Dermatology Service, Memorial Sloan-Kettering Cancer Center, New York, NY 10022, USA.
Cancer Epidemiol. 2013 Feb;37(1):64-70. doi: 10.1016/j.canep.2012.08.010. Epub 2012 Sep 18.
In the United States, the Surveillance, Epidemiology, and End Results (SEER) Program is the authoritative source for population-based data on melanoma incidence and mortality. However, missing data on tumor thickness may lead to biased analyses in this frequently used database. We sought to characterize invasive melanomas with unknown thickness with emphasis on their association with melanoma survival, and to employ techniques to overcome the limitations of missing data on tumor thickness.
We conducted a retrospective cohort analysis of non-occult invasive melanomas in the SEER database from 1989 to 2008.
Of 182184 cases, 24329 (13%) had unknown thickness. From 1989-1993 to 2004-2008, the proportion of unknown thickness cases decreased from 22% to 9% (P(trend) < 0.001). Unknown thickness cases had a significantly increased risk of death due to melanoma (hazard ratio [HR] 3.09, 95% confidence interval [CI]: 2.99, 3.19) than known thickness cases with an increasing trend over time (P(trend) < 0.001). In multivariate analysis, unknown thickness was found to be independently associated with poorer prognostic factors and lack of cancer-directed surgical treatment.
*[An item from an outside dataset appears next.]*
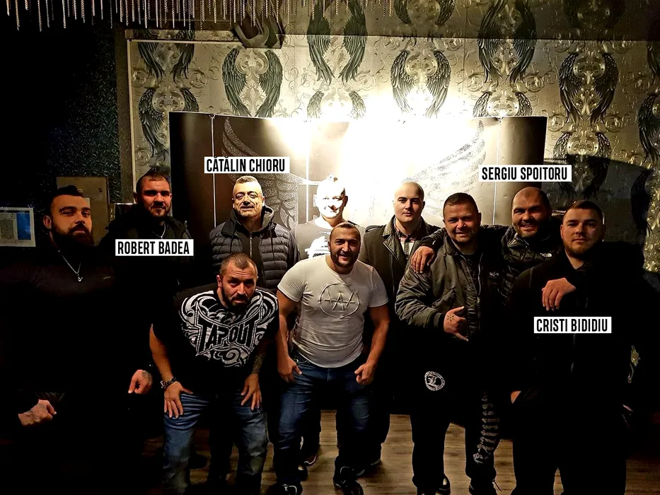 Robert Badea, alături de Cătălin Chioru și Sergiu Spoitoru, doi traficanți de droguri cunoscuți în București. Lângă ei se mai află, între alții, Cristi Bididiu, șeful bodyguarzilor de la BOA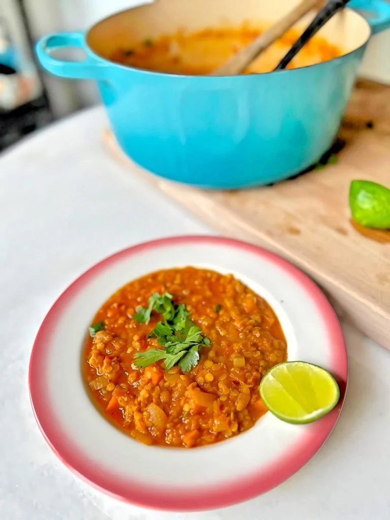 Raise the heat to medium high and bring to a boil, then boil for 5 minutes. Turn the heat to medium-low, cover partially with the lid, and simmer for 20 to 25 minutes, until the lentils are tender and creamy. Check occasionally and add a little more stock or water if the soup gets too thick for your liking.

Melanoma survival of cases with unknown thickness appeared most similar to 2.01-4.00 mm thickness cases. Multiple imputation demonstrated that imputed tumor thickness was significantly associated with melanoma survival (HR 1.31, 95% CI: 1.30, 1.32) and Clark level (odds ratio [OR] 1.85, 95% CI: 1.82, 1.89) though the strength of associations were not as strong as the associations of original SEER-coded known tumor thickness with melanoma survival (HR 1.46, 95% CI: 1.45, 1.47) and Clark level (OR 2.92, 95% CI 2.89, 2.95), respectively.
Exclusion of missing data on melanoma thickness from SEER introduces a selection bias that leads to an underestimation in the prevalence of fatal and likely thicker melanomas. Multiple imputation appears to be an effective tool to predict missing tumor thickness data.
在美国,监测、流行病学和最终结果(SEER)计划是黑色素瘤发病率和死亡率的人群数据的权威来源。然而,肿瘤厚度的缺失数据可能会导致在这个经常使用的数据库中进行有偏差的分析。我们旨在描述厚度未知的浸润性黑色素瘤,重点研究它们与黑色素瘤生存的关系,并采用技术来克服肿瘤厚度缺失数据的局限性。
我们对 1989 年至 2008 年 SEER 数据库中的非隐匿性浸润性黑色素瘤进行了回顾性队列分析。
在 182184 例病例中,24329 例(13%)的肿瘤厚度未知。从 1989-1993 年到 2004-2008 年,厚度未知病例的比例从 22%下降到 9%(趋势 P<0.001)。与已知厚度病例相比,厚度未知病例死于黑色素瘤的风险显著增加(危险比[HR]3.09,95%置信区间[CI]:2.99,3.19),且随着时间的推移呈上升趋势(趋势 P<0.001)。在多变量分析中,厚度未知与预后不良因素独立相关,且缺乏癌症导向的手术治疗。厚度未知病例的黑色素瘤生存率似乎与 2.01-4.00mm 厚度病例最相似。多项插补表明,插补的肿瘤厚度与黑色素瘤生存率(HR1.31,95%CI:1.30,1.32)和 Clark 水平(OR1.85,95%CI:1.82,1.89)显著相关,尽管关联的强度不如 SEER 原始编码的已知肿瘤厚度与黑色素瘤生存率(HR1.46,95%CI:1.45,1.47)和 Clark 水平(OR2.92,95%CI 2.89,2.95)的关联强。
从 SEER 中排除黑色素瘤厚度缺失数据会引入选择偏倚,导致致命和可能更厚的黑色素瘤的患病率被低估。多项插补似乎是预测缺失肿瘤厚度数据的有效工具。